Thank you for your quick response. I have felt sick about this all day and feel that I am making the right judgement call. It's not about being right, but what is best for the child. Plus I do need to protect myself professionally as well. I am not comfortable with this at all.

My question, is how much liquid can a 2 yr old's stomach really hold at one time. I have tried to search on the internet but have not been able to get an accurate answer. I don't think it is possible to perforate a stomach with too much fluid but I certainly do not want him aspirating which I'm sure you are right... it will happen. Thank you so much!

Specializes in NICU, PICU, PCVICU and peds oncology.

Be very careful about going over your supervisor's head. The one time I attempted to do that I was threatened with termination. But I do agree that this child's feeds should be managed by a pediatric home nutrition expert, not a body-building know-it-all dad. The volume, 785 mL/day contributes 785 kCal per day or about 31 kCal/pound, which is appropriate, but with the projectile vomiting, how much is the child actually absorbing? Perhaps this child would benefit from continuous feeds at 34 mL/hr. Or to have his GT Mic-Key changed to a GJ Mic-Key. You can't vomit from past the pylorus after all. That would of course entail continuous feeds anyway.

He also had a brain stem transplant last year.

Do you mean a brain stem cell transplant?

Specializes in school RN, CNA Instructor, M/S.

I run into this problem in school nursing quite frequently where the parent verbally tries to override a written dr's order. I remind my nurses taht in order to keep the licenses they worked so hard to get you follow DR's orders only and you eplain it calmly but firmly to the parent. If the parent is adamant then you need to call the dr and have him/her come and consult with you and the parent together so that everyone hears the same answer. If the dr and parent decide to only check residuals as the parent requested, make sure MD is aware that the child has frequent episodes of projectile vomiting. Maybe a GI Consult is needed. As far as nursing care I have always checked residual prior to initiate feedings and if there is more than 30 cc i hold the feed & call MD and recheck in 30 min.

Thank you all for your response. I dismissed myself from the case and am looking at another agency to meet my employment needs.

I think you made a wise decision. It is better to find employment elsewhere with an intact license. I am sorry the patient is in this position but the adults are very well aware of their actions, especially that "supervisor".
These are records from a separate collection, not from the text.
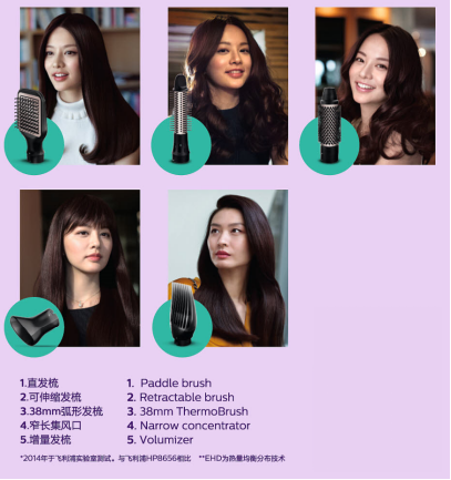 “直发梳是我最喜欢的一个替换头,它在吹干吹顺的同时,仿佛给头发上了一层精油,不会损伤头发的毛鳞片。而弧形发梳模拟了理发店的滚梳,有很多功能。吹出来的卷发弧度非常自然,不会像卷发棒那样死板。”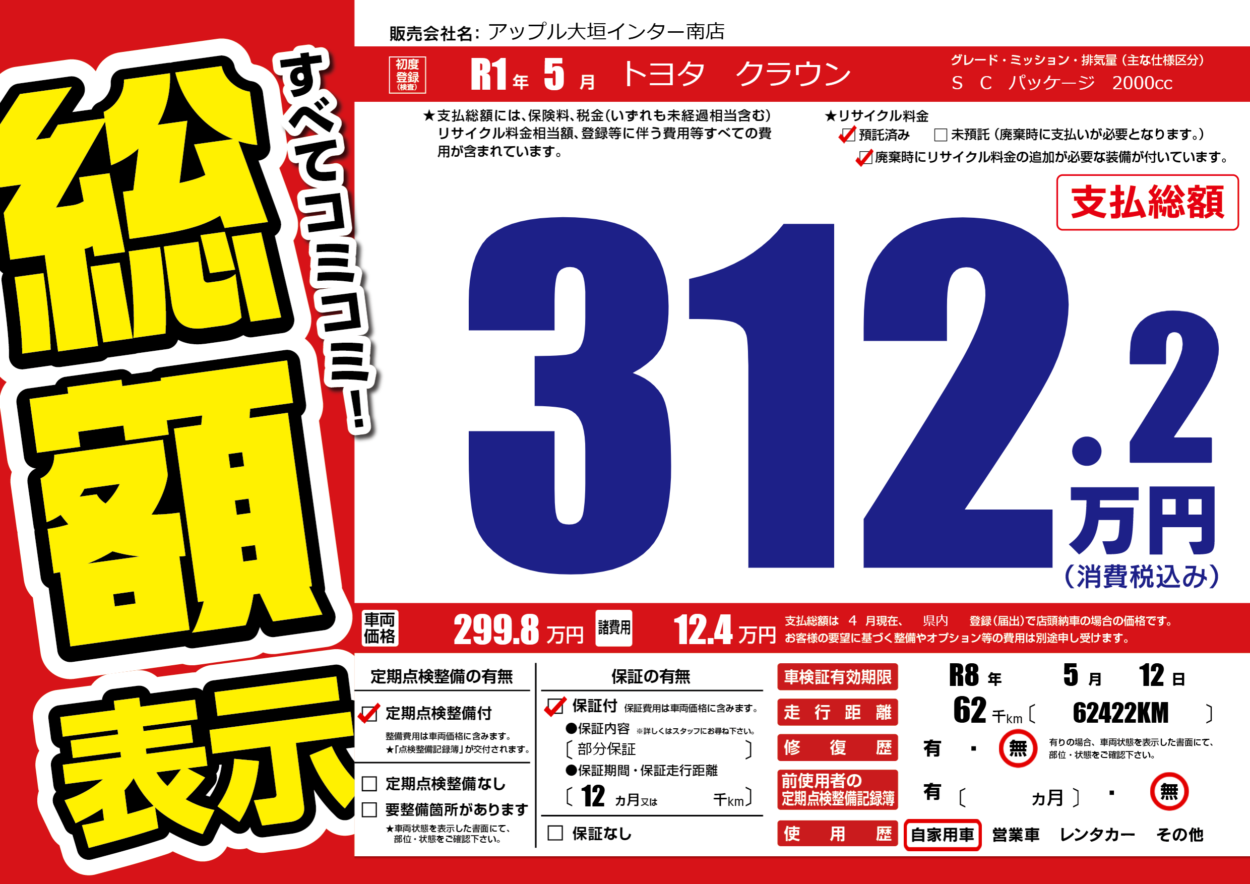| 車名 | トヨタ クラウン | グレード ミッション 排気量 |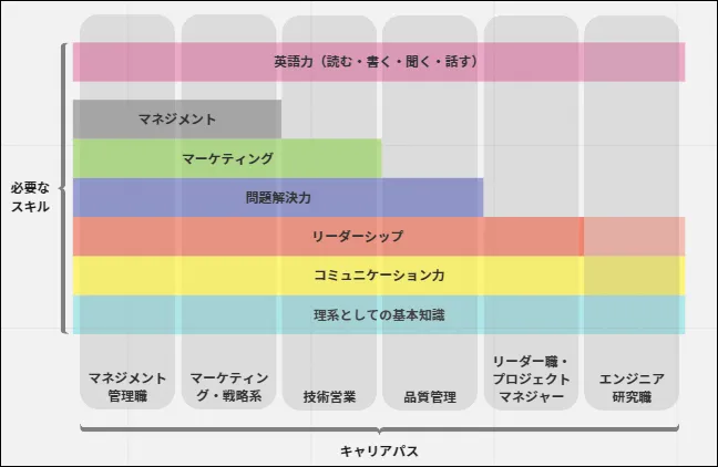 「理系+αで広げる・広がるキャリア」では1回目は英語、2回目はコミュニケーション、3回目は理系リーダーのコミュニケーション、4回目は問題解決力を取り上げました。今回は「マーケティングスキル」を取り上げます。マーケティングは、以下の図の通り、将来管理職になったり、よりビジネスに近い職種に就いたりする場合、重要なスキルとなります。今回も理系・製品開発職、技術職の方の目線から、マーケティングスキルについて説明したいと思います。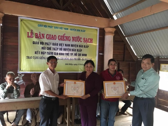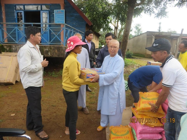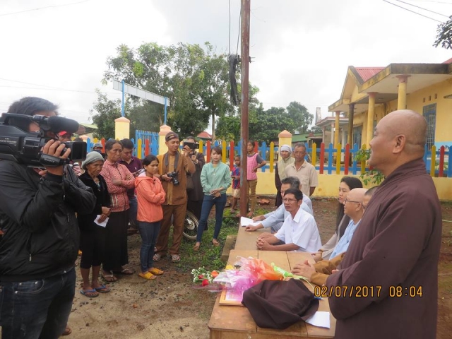 Chứng minh tham dự có: HT. Thích Chơn Tịnh, phó ban từ Thiện báo Giác Ngộ, trụ trì chùa Từ Quang Tp-HCM dẫn đoàn. ĐĐ. Thích Chiếu Ý, phó BTS, Trưởng ban Hoằng Pháp phật giáo tỉnh Đăk Nông, trụ trì chùa Hoa Khai. NS. Thích Nữ Huệ Thiện ( nhà tài trợ chính ), trụ trì chùa Hương Nghiêm, bang California Hoa Kỳ. ĐĐ. Thích Quảng Bình, ủy viên ban Hoằng Pháp phật giáo tỉnh Đăk Nông.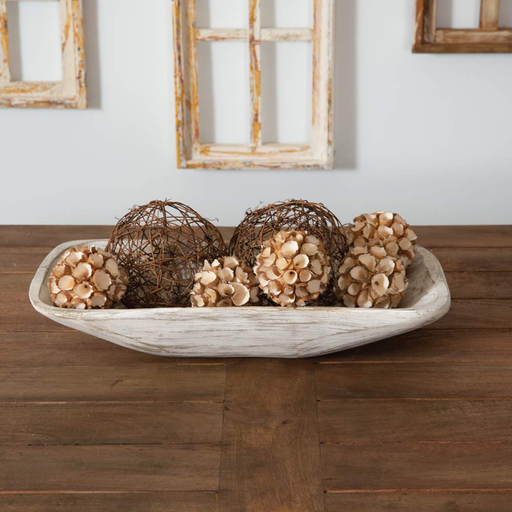 Feature this primitive whitewash bowl as a centerpiece or simplistic tabletop design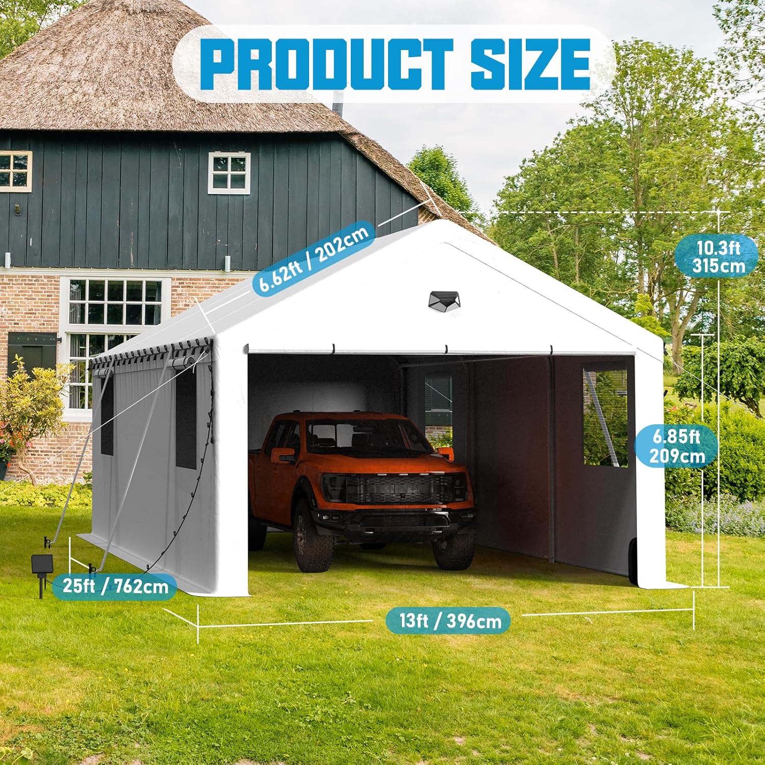 - Large Capacity Carport - The size of this car port is 25'L x 13'W x 10.33'H, which provides ample room for you to park car or other vehicles, even you can use it as warehouse

Specializes in Pediatrics, ER.

I'm late on this, but if the parents continued to push faor n order that was different from what the physician wrote for and was detrimental to the pt, then I would withdraw from that case.

Specializes in Pediatrics, ER.

I just saw that you did exactly that. I commend you for it. The point of homecare is for nursing and families to work together to optimize the care of the patient. A family that won't support you and an agency that won't back you is a recipe for disaster for sure.